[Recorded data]
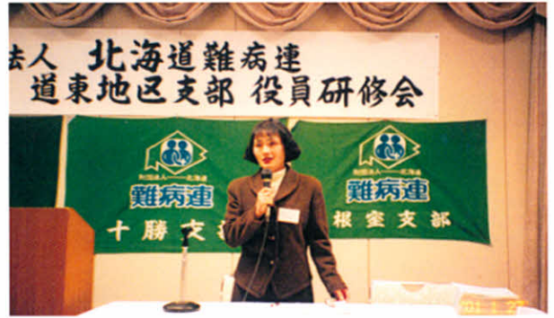
H13.1.27~28 道東地区支部役員研修会(幕別町)
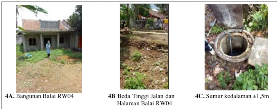
Gambar 4. Lokasi Percontohan Penerapan Desain Bangunan Resapan di Halaman Gedung Balai RW 04, Desa Cibodas

Berdasarkan koordinasi awal diperoleh informasi bahwa terdapat bangunan gedung Balai RW 04 yang baru selesai pembangunannya dan direncanakan akan dimanfaatkan yang untuk Pos Posyandu. Halaman yang tersedia di depan Gedung cukup luas dan direncanakan menjadi taman apotik hidup. Hasil survey lapangan menunjukkan bahwa posisi lokasi bangunan terletak di bawah elevasi jalan, sehingga menimbulkan resiko genangan bila terjadi hujan, dan terdapat sumur dengan kedalaman muka air \pm 1,5\text{m} . Sejalan dengan tema PkM yaitu ekodrainase atau drainase berwawasan lingkungan, maka tim PkM menawarkan lokasi tersebut sebagai lokasi percontohan penerapan sarana ekodrainase berupa desain bangunan resapan air. Kader Desa dan Kader RW04 menyambut baik program PkM yang ditawarkan.
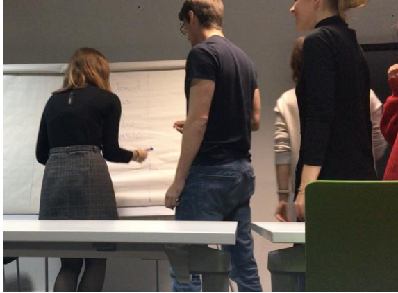
Deciding 課的 Tipping Point 實驗
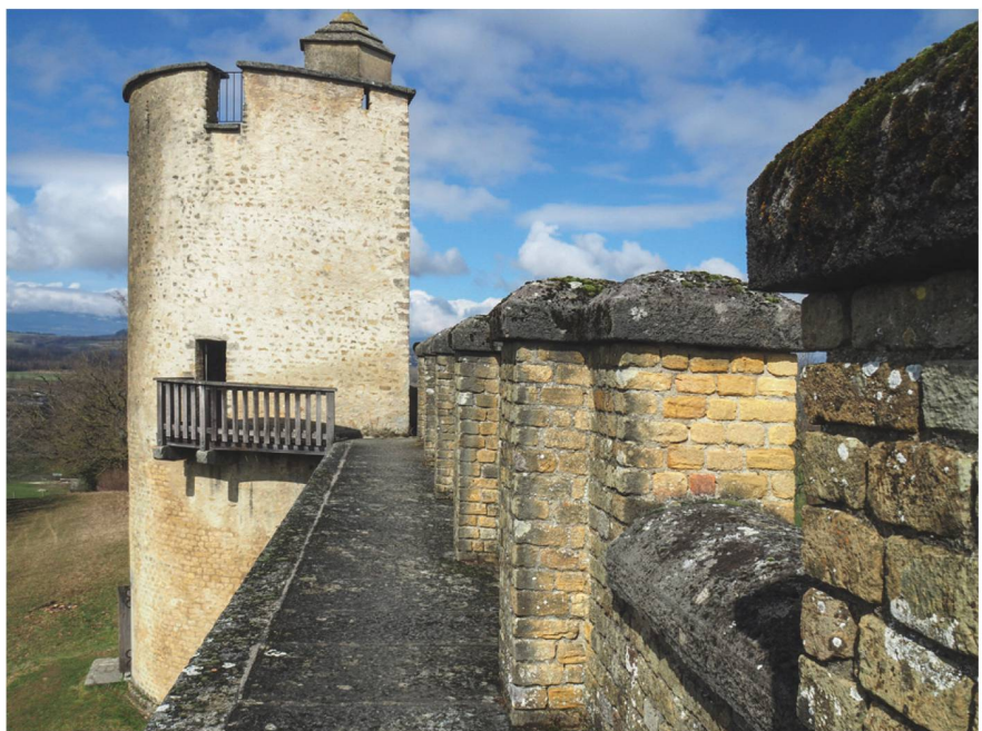
568 Der in den 1920er Jahren südlich von T2 wieder aufgebaute Wehrgang inklusive Brustwehr und Zinnenkranz.

Ab 2002 wurden im Rahmen einer allgemeinen Ausstattung der sichtbaren Monumente von Aventicum mit Informationstafeln auch solche an T2 und am Osttor platziert 1903 ■ 569. Anlässlich der ab 2016 laufenden Installation von Stereoskopen und neuen Informationspulten an den Monumenten der antiken Stadt sollen auch Teile der Stadtmauer, prioritär dabei das Osttor, sukzessive mit neuen, illustrativen Informationsträgern aufgewertet werden 1904 ■ 570. Im Frühjahr 2018 konnte schliesslich im Bereich einer um- und ausgebauten Sportplatzanlage der Stadt Avenches der Verlauf der Stadtmauer auf einer Länge von rund 135m markiert werden 1905 ■ 571. Dabei wurde die Mauer in ihrer Breite von 2.4 m mittels eines gelblich-beige eingefärbten Granulatstreifens auf dem neu eingebrachten Asphaltbelag angegeben. Zusätzlich sind die beiden innerhalb des betroffenen Perimeters liegenden Zwischentürme T23 und T24 in ihrem Grundriss dargestellt. Wichtig ist dabei, dass die Markierung der Stadtmauerflucht über den Bereich des Sportplatzes hinaus gegen Osten über die heutige Strasse ( Chemin du Milieu ) verlängert werden konnte, sodass hier ein optischer Anschluss an die
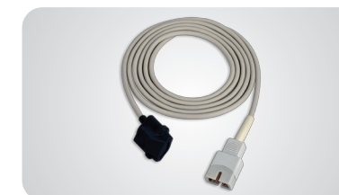
Pediatrický mäkký snímač
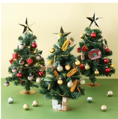
<全国の店舗スタッフが考えたツリーを約100点展示>

※1: Instagram、X (旧 Twitter)、TikTok が対象です。1 アカウントの投稿につき 1 回ガチャガチャが回せます。
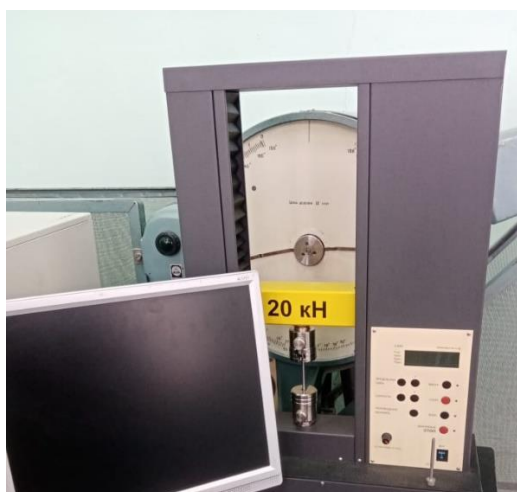
Рисунок 1 – Машина для измерения усилия резания обледенелых корнеплодов
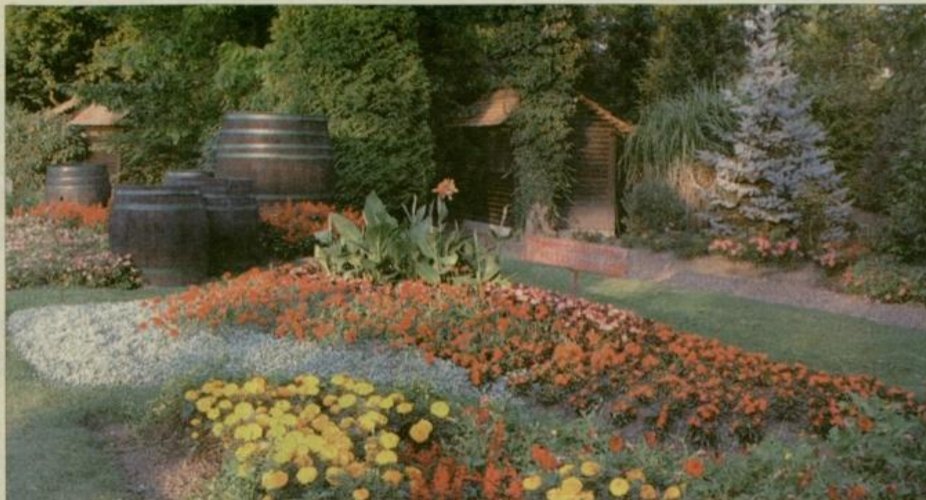
Skrbno urejene grede so prava paša za oči

### Your assignment:
Filter the data above, keeping only lines that include the string "Halaman".

### Answer to the problem:
Gambar 4. Lokasi Percontohan Penerapan Desain Bangunan Resapan di Halaman Gedung Balai RW 04, Desa Cibodas
Berdasarkan koordinasi awal diperoleh informasi bahwa terdapat bangunan gedung Balai RW 04 yang baru selesai pembangunannya dan direncanakan akan dimanfaatkan yang untuk Pos Posyandu. Halaman yang tersedia di depan Gedung cukup luas dan direncanakan menjadi taman apotik hidup. Hasil survey lapangan menunjukkan bahwa posisi lokasi bangunan terletak di bawah elevasi jalan, sehingga menimbulkan resiko genangan bila terjadi hujan, dan terdapat sumur dengan kedalaman muka air \pm 1,5\text{m} . Sejalan dengan tema PkM yaitu ekodrainase atau drainase berwawasan lingkungan, maka tim PkM menawarkan lokasi tersebut sebagai lokasi percontohan penerapan sarana ekodrainase berupa desain bangunan resapan air. Kader Desa dan Kader RW04 menyambut baik program PkM yang ditawarkan.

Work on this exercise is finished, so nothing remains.